When adding responsive design to the MagmaSoft websites I was tempted to use either Pure.css or reuse Milligram as done on my homepage, however decided to google for typographic correct breakpoints. No need to explain here what this is, since Vasilis van Gemert has done it masterly in his article about Logical Breakpoints Responsive Design in the Smashing Magazine

Vasilis provides a measure help which allows you to detect, how many ‘em’s you need for a certain font to provide a certain average amount of words per line in a certain language. Since we are trilingual: English, German, Spanish, I tried several options and settled on 40 em, which gives us around 90 characters a line. The left margin is set to 6% of the space, the text line to 94%, so that the reader does not have to horizontal scroll the maximized browser window on a wide screen to find the text.

When the screen size gets smaller, the text font is scaled down a little bit and the margins are set to zero. So there is more text shown on smartphone screens.
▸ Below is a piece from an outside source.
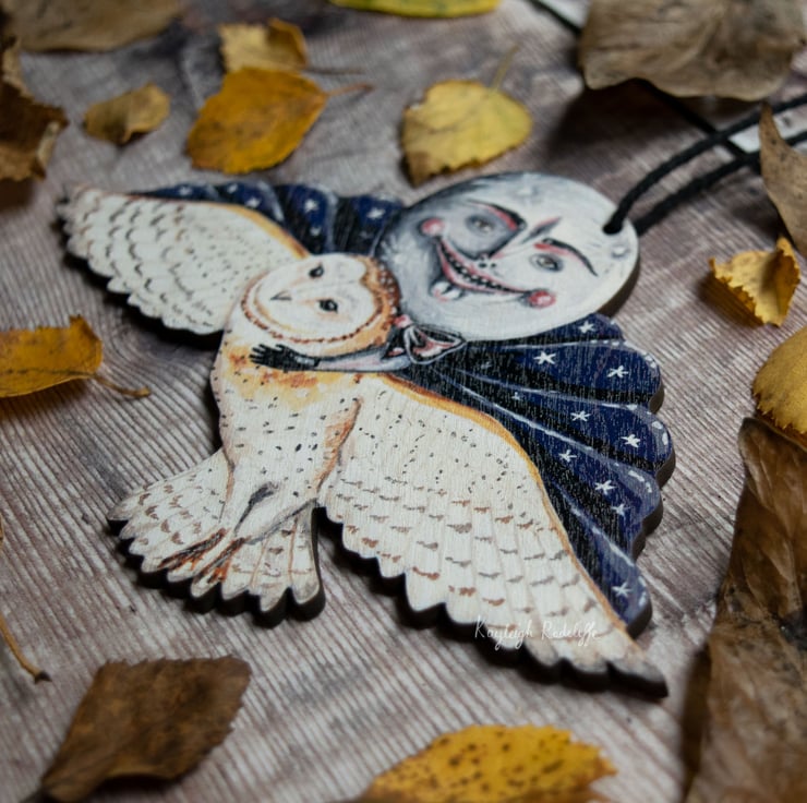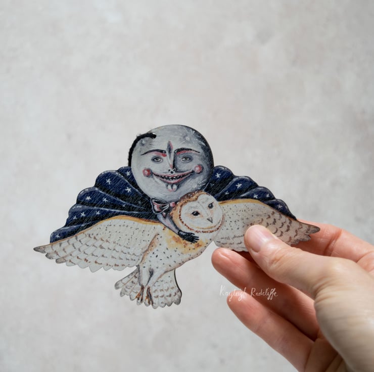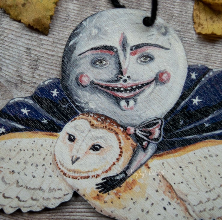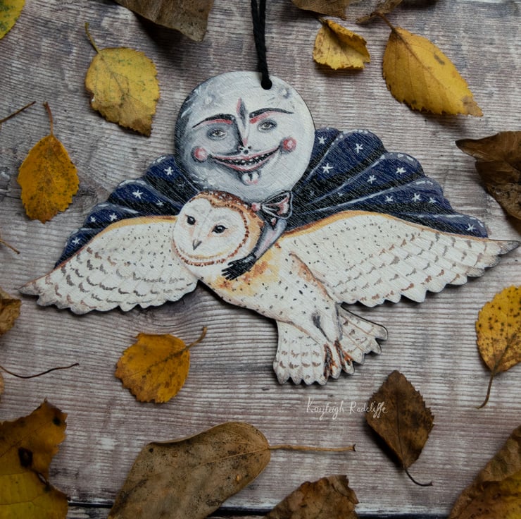 A creepy but cute laser cut wooden decoration of my character Herman the moon man flying through the dark of night with his barn owl friend. Look up in the sky tonight, you might just see them!

IkiWiki just required some small changes to local.css and page.tpl.

local.css:

@media (max-width: 44em) {
   body {
      font-size: .9em;
      padding: 0 1.5em;
      margin: 0;
    }
}

@media (min-width: 44em) {
   body {
      max-width: 47em;
   }

   article {
      width: 94%;
      margin-left: 6%;
   }

   h1, h1 + p {
      margin: 1em 0 1em -6%;
   }

}

page.tmpl:

<TMPL_IF HTML5>
<meta name="viewport" content="width=device-width, initial-scale=1">
</TMPL_IF>
<link rel="stylesheet" href="<TMPL_VAR BASEURL>css/normalize.css" type="text/css" />

Since the first test involved Milligram, I included normalize.css too. I left it in after moving to Vasilis’ design, hoping “it helps” somehow.